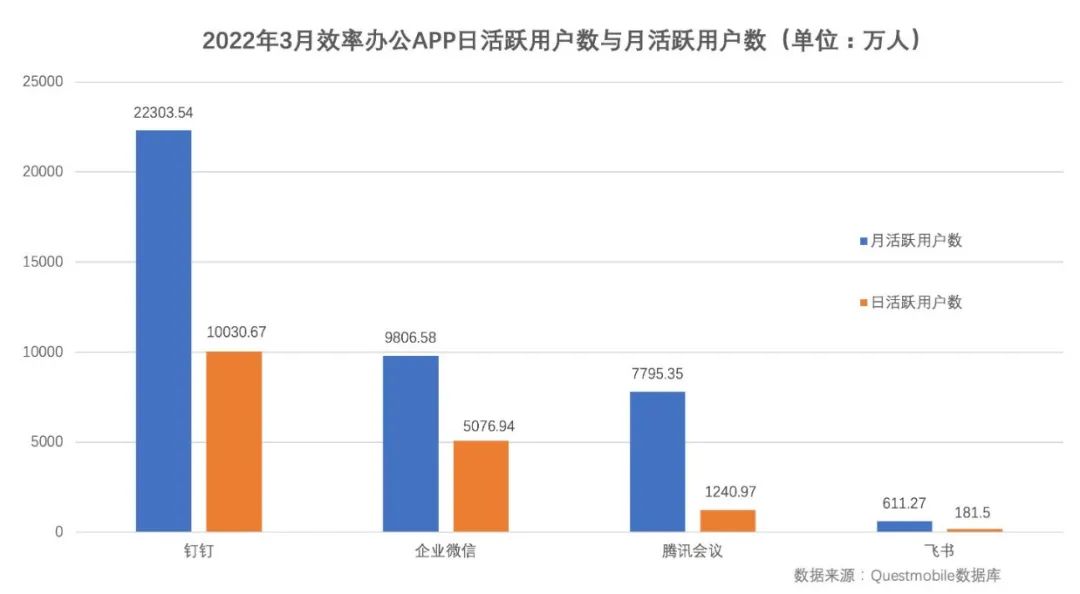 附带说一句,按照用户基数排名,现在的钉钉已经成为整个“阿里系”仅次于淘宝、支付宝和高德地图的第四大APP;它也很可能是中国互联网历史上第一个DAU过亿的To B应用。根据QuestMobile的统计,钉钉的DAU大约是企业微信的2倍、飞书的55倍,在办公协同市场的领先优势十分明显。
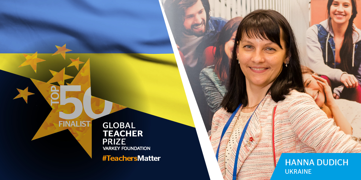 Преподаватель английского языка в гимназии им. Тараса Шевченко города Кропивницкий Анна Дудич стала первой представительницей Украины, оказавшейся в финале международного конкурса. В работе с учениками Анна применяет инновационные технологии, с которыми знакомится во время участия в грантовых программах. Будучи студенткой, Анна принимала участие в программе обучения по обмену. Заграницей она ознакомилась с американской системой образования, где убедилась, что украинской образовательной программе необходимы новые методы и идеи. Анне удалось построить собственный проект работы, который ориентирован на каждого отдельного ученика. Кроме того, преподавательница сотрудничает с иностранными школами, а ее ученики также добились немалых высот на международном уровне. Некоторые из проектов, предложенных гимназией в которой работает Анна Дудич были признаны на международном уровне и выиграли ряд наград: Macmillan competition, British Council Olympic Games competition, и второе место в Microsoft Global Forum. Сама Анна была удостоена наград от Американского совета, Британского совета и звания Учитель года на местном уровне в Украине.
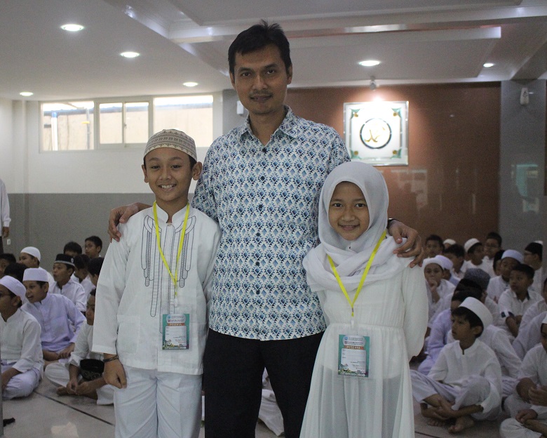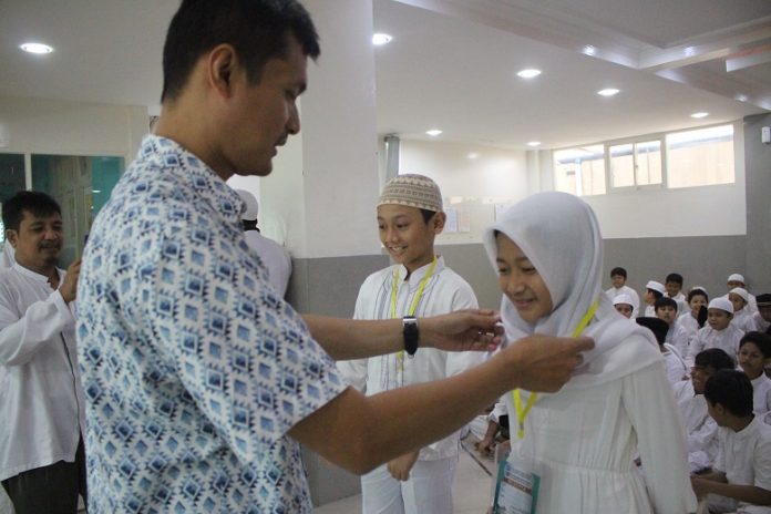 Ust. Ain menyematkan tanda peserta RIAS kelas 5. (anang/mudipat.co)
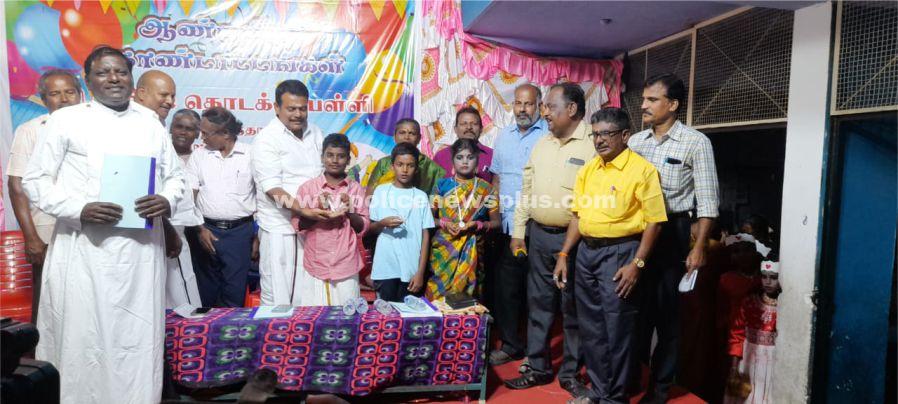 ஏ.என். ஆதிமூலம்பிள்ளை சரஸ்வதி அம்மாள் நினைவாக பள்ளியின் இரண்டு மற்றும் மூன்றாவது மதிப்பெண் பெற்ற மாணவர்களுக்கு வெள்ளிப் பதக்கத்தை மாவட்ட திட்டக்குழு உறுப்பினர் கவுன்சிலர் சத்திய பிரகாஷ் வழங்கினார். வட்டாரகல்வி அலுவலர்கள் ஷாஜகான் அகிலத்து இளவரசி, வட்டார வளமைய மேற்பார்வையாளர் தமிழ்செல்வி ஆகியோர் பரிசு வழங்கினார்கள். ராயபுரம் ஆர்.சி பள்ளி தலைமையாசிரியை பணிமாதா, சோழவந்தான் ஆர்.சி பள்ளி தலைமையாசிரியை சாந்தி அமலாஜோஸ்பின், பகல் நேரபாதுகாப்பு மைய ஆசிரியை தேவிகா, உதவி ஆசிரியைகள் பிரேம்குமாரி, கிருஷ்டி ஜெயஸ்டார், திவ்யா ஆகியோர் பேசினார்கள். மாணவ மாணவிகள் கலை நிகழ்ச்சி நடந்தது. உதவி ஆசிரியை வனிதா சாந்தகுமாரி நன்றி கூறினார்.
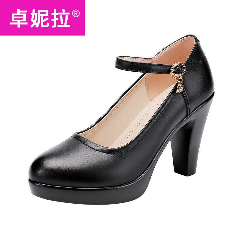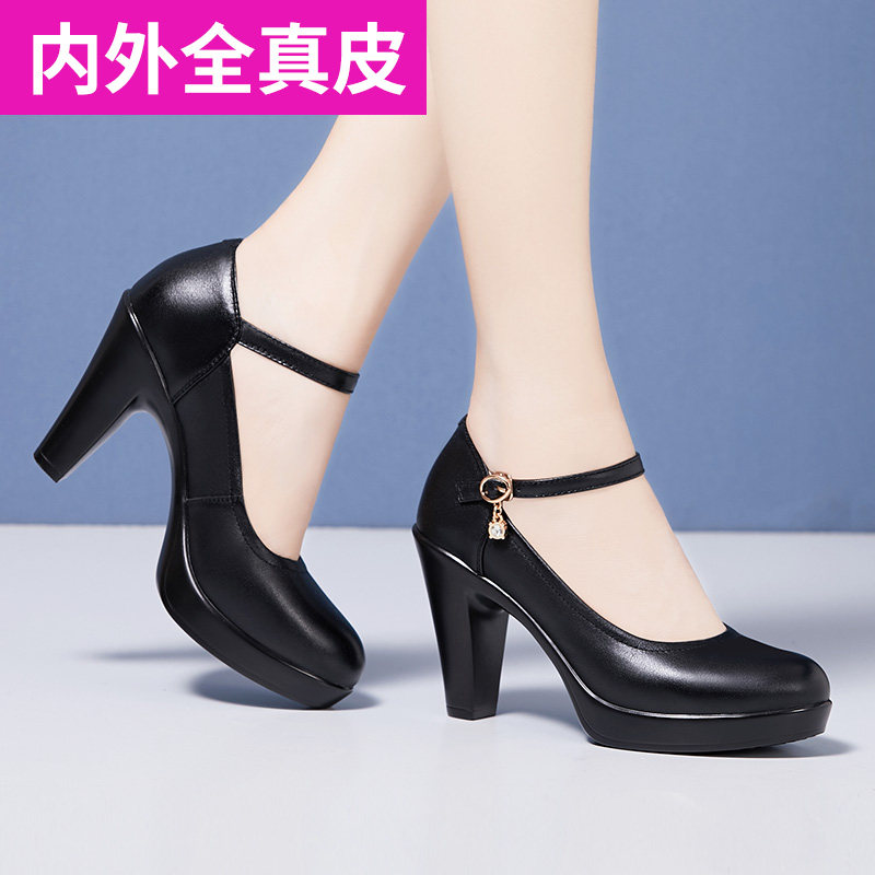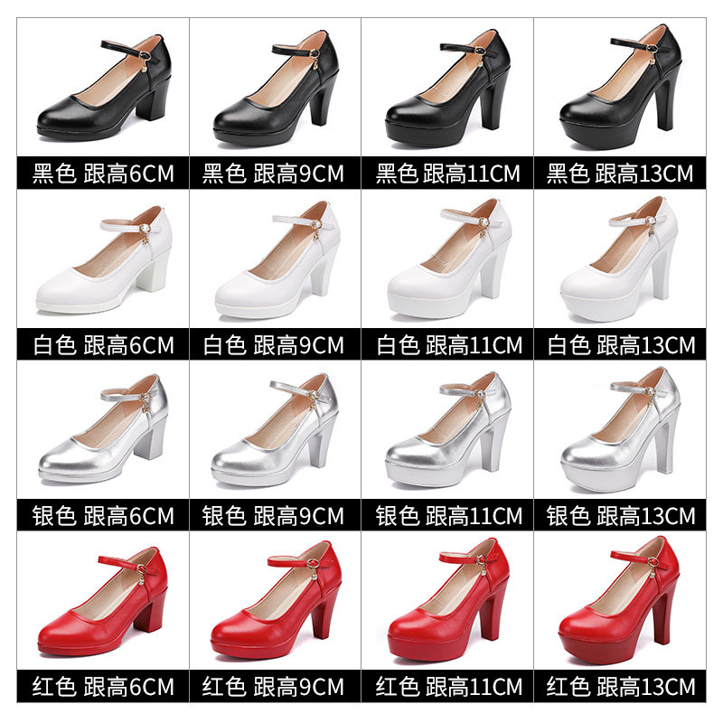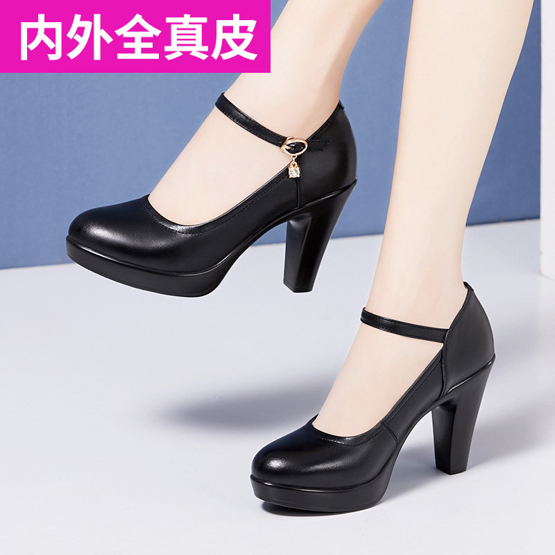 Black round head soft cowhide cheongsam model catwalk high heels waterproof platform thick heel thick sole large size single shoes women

**ACTIVITY:** Each line above should be set down exactly as written, with pictures excluded.

**RESPONSE BELOW:**
 附带说一句,按照用户基数排名,现在的钉钉已经成为整个“阿里系”仅次于淘宝、支付宝和高德地图的第四大APP;它也很可能是中国互联网历史上第一个DAU过亿的To B应用。根据QuestMobile的统计,钉钉的DAU大约是企业微信的2倍、飞书的55倍,在办公协同市场的领先优势十分明显。
 Преподаватель английского языка в гимназии им. Тараса Шевченко города Кропивницкий Анна Дудич стала первой представительницей Украины, оказавшейся в финале международного конкурса. В работе с учениками Анна применяет инновационные технологии, с которыми знакомится во время участия в грантовых программах. Будучи студенткой, Анна принимала участие в программе обучения по обмену. Заграницей она ознакомилась с американской системой образования, где убедилась, что украинской образовательной программе необходимы новые методы и идеи. Анне удалось построить собственный проект работы, который ориентирован на каждого отдельного ученика. Кроме того, преподавательница сотрудничает с иностранными школами, а ее ученики также добились немалых высот на международном уровне. Некоторые из проектов, предложенных гимназией в которой работает Анна Дудич были признаны на международном уровне и выиграли ряд наград: Macmillan competition, British Council Olympic Games competition, и второе место в Microsoft Global Forum. Сама Анна была удостоена наград от Американского совета, Британского совета и звания Учитель года на местном уровне в Украине.
 Ust. Ain menyematkan tanda peserta RIAS kelas 5. (anang/mudipat.co)
 ஏ.என். ஆதிமூலம்பிள்ளை சரஸ்வதி அம்மாள் நினைவாக பள்ளியின் இரண்டு மற்றும் மூன்றாவது மதிப்பெண் பெற்ற மாணவர்களுக்கு வெள்ளிப் பதக்கத்தை மாவட்ட திட்டக்குழு உறுப்பினர் கவுன்சிலர் சத்திய பிரகாஷ் வழங்கினார். வட்டாரகல்வி அலுவலர்கள் ஷாஜகான் அகிலத்து இளவரசி, வட்டார வளமைய மேற்பார்வையாளர் தமிழ்செல்வி ஆகியோர் பரிசு வழங்கினார்கள். ராயபுரம் ஆர்.சி பள்ளி தலைமையாசிரியை பணிமாதா, சோழவந்தான் ஆர்.சி பள்ளி தலைமையாசிரியை சாந்தி அமலாஜோஸ்பின், பகல் நேரபாதுகாப்பு மைய ஆசிரியை தேவிகா, உதவி ஆசிரியைகள் பிரேம்குமாரி, கிருஷ்டி ஜெயஸ்டார், திவ்யா ஆகியோர் பேசினார்கள். மாணவ மாணவிகள் கலை நிகழ்ச்சி நடந்தது. உதவி ஆசிரியை வனிதா சாந்தகுமாரி நன்றி கூறினார்.
 Black round head soft cowhide cheongsam model catwalk high heels waterproof platform thick heel thick sole large size single shoes women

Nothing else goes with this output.